PROBLEM TO SOLVE:
Search the records below for the word "sobre" and show every line where it occurs.

.....

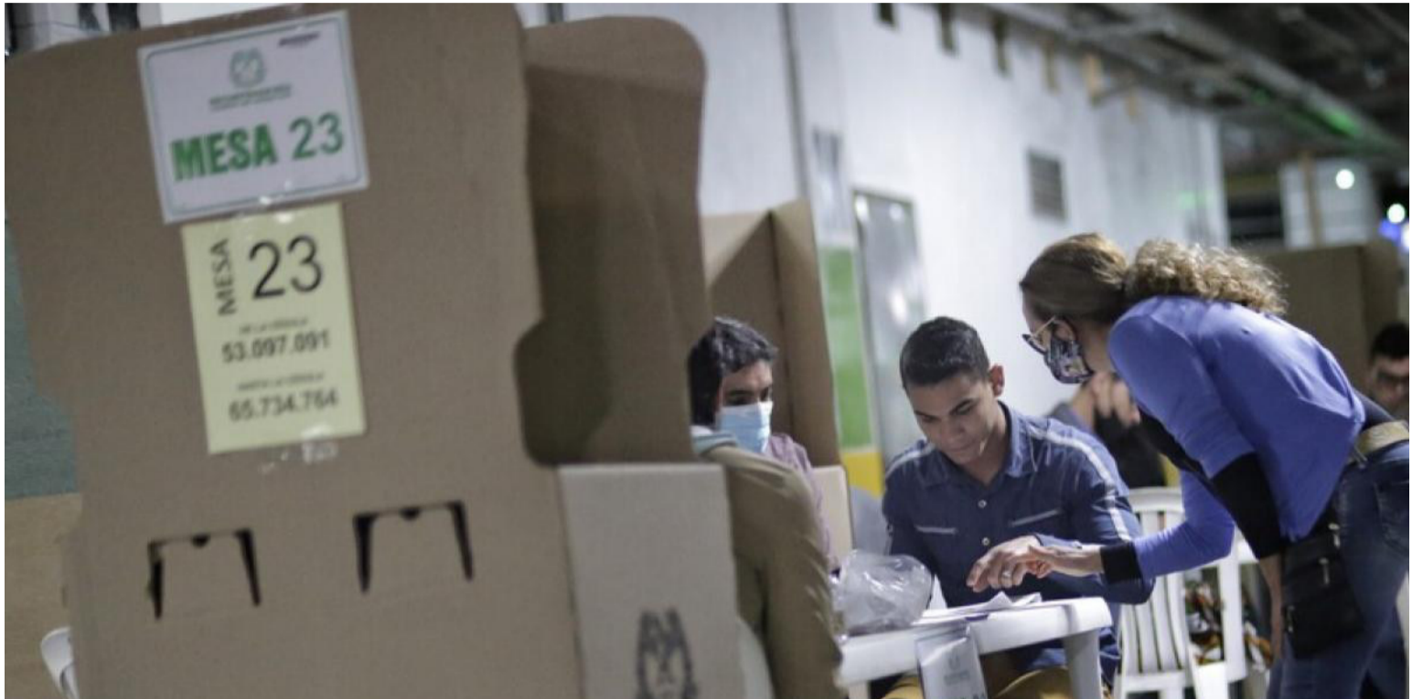
En los últimos años se ha presentado un aumento de participación electoral enmarcado por una fuerte competencia electoral.

Por otro lado, entre los que votaron, tal como afirman numerosos académicos como Lazarsfeld et al. (1944), los votantes colombianos del 2022 decidieron con anticipación su voto, incluso antes de que empezaran las campañas presidenciales, reforzando la hipótesis a comprobar en otros estudios adicionales sobre el papel determinan-
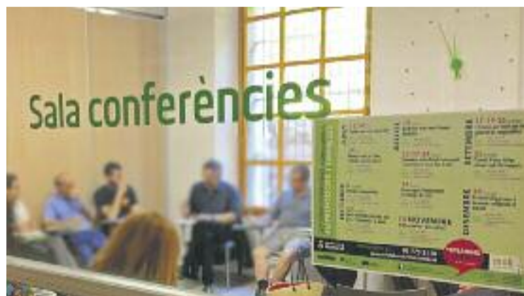
La presentació es va fer al Molí Empresa de Martorell.

Per tal d'optar a les subvencions, els municipis han de complir amb certs requisits, com tenir un mínim de 30.000 habitants.
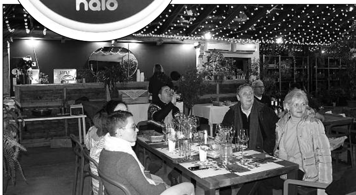
Borgála – Etyeki Borút Egyesület újbor kóstolója a Hernyák Birtokon

A lakossági összefogás révén megvásárolt chip-leolvasó az állateledelel boltban került elhelyezésre. Segítségével talán hamarabb hazakerülnek az elveszett háziállatok. A boltvezető nyitvatartási időben szívesen leolvassa a chip-et – otthagyni azonban nem lehet a talált állatokat.
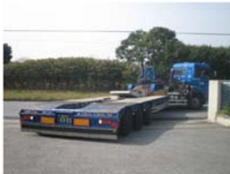
トレーラーのタイヤがトラクタと連動してかじをきる

A=B=6,300mmで搬入可能 隅切りがあればA=B=5,500mmでも搬入可能
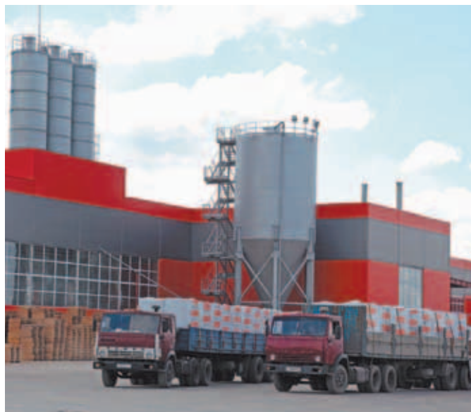
Дмитровский завод газобетонных изделий.

Выскажите своё мнение на сайте www.infodmitrov.ru
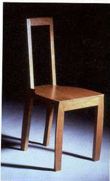
Chaise en sycamore, 1995
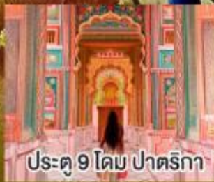
ประตู 9 โคม ปาตริกา
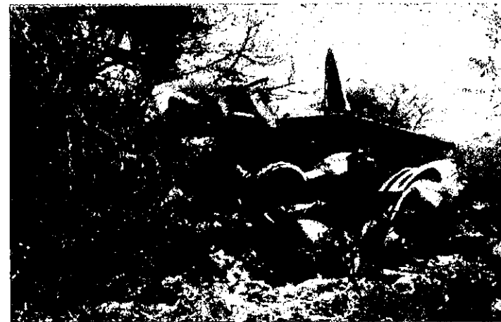
CONDICIÓN FINAL DE LA AERONAVE
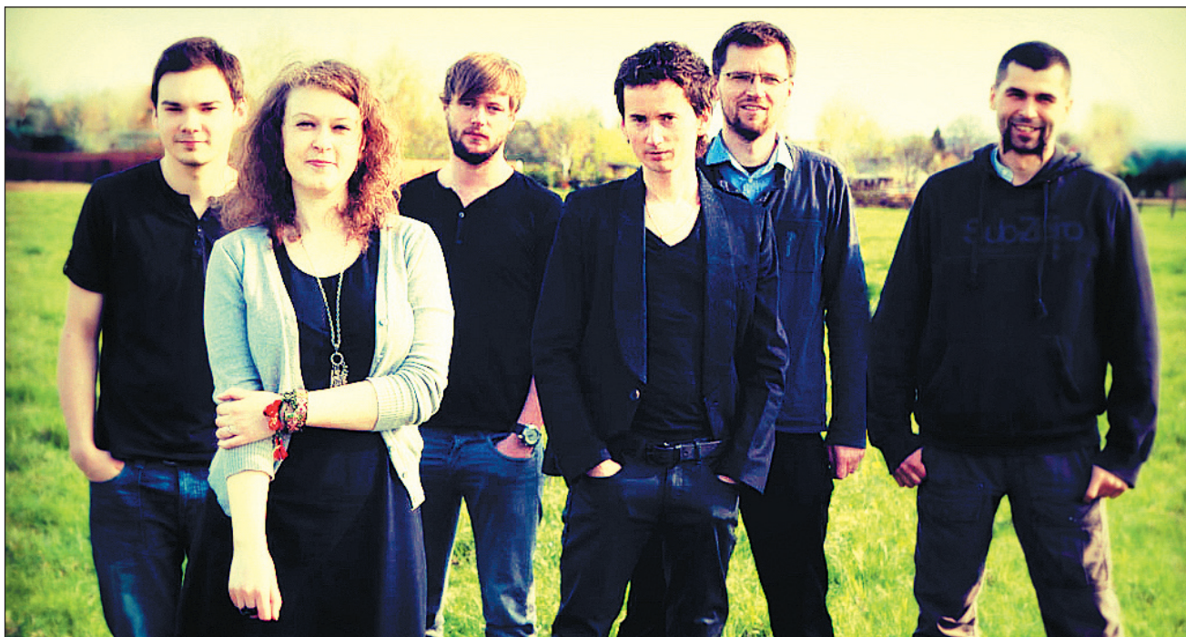
Tołhaje w niczym nie przypominają bieszczadzkich zbójników, ale ich muzyka garściami czerpie z folkloru Karpat.

Miejmy nadzieję, że współpraca z filmowcami, nowe utwory i świetne recenzje dadzą Tołhajom energetycznego i artystycznego „kopa”, motywując ich do szybszej pracy nad w pełni premierowym materiałem. Bo grupa ma potencjał, który aż prosi się o częstsze wykorzystanie.
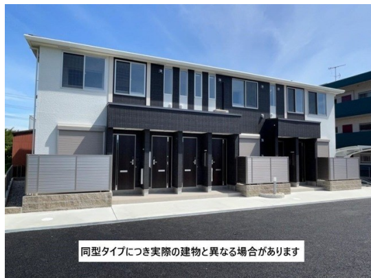
同型タイプにつき実際の建物と異なる場合があります
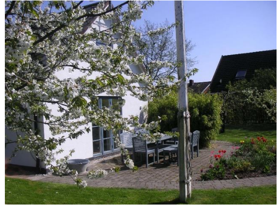
Fasad mot väster

Barnen är nu vuxna och har flyttat ut från huset.
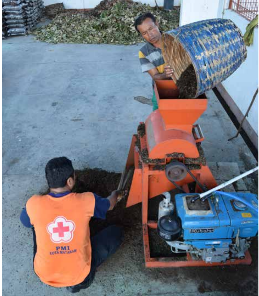
Petugas Unit Pengolahan Sampah Kota Mataram dan Relawan PMI menggunakan mesin cacah untuk menghaluskan sampah daun untuk dijadikan pupuk organik.

Sebagaimana di Ampenan Selatan, program Pengurangan Risiko Bencana dan Adaptasi Perubahan Iklim juga diterapkan di Cibinong, Kabupaten
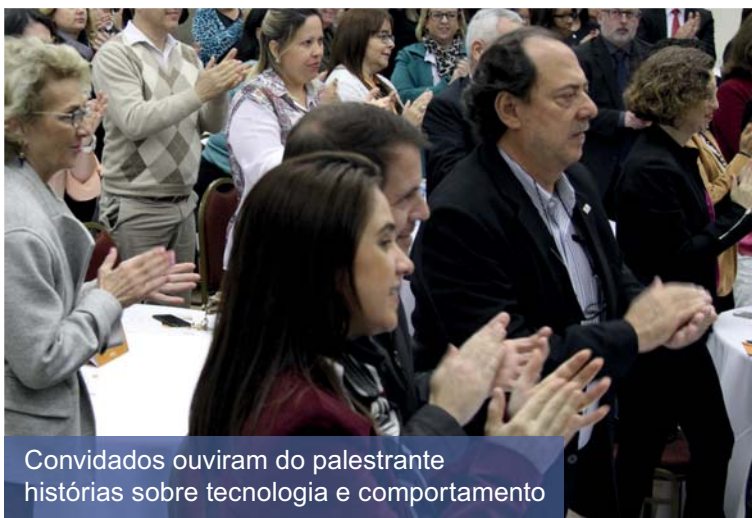
Convidados ouviram do palestrante histórias sobre tecnologia e comportamento

Crescimento de 6,7% no número de beneficiários de 2015 para 2016
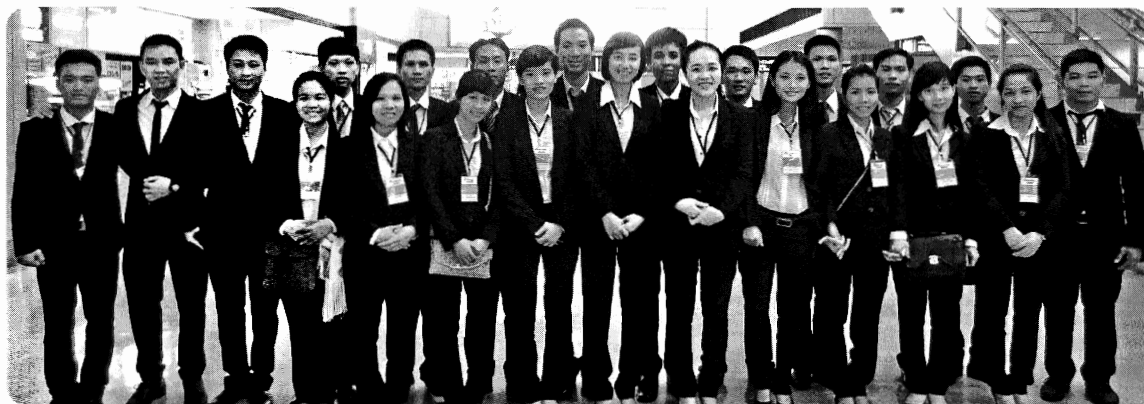
成田空港に入国したばかりの実習生です。

9月12日(金)に23名(株)ナカニシ17名 (株)TANOI 3名 青和現代彫刻(株)1名 (株)スズキプレシオン1名 (株)エヌ・エステクニカル1名)の実習生が、希望に胸を弾ませて鹿沼に来ました。

.....

ANSWER TO THE PROBLEM:
Por otro lado, entre los que votaron, tal como afirman numerosos académicos como Lazarsfeld et al. (1944), los votantes colombianos del 2022 decidieron con anticipación su voto, incluso antes de que empezaran las campañas presidenciales, reforzando la hipótesis a comprobar en otros estudios adicionales sobre el papel determinan-
Convidados ouviram do palestrante histórias sobre tecnologia e comportamento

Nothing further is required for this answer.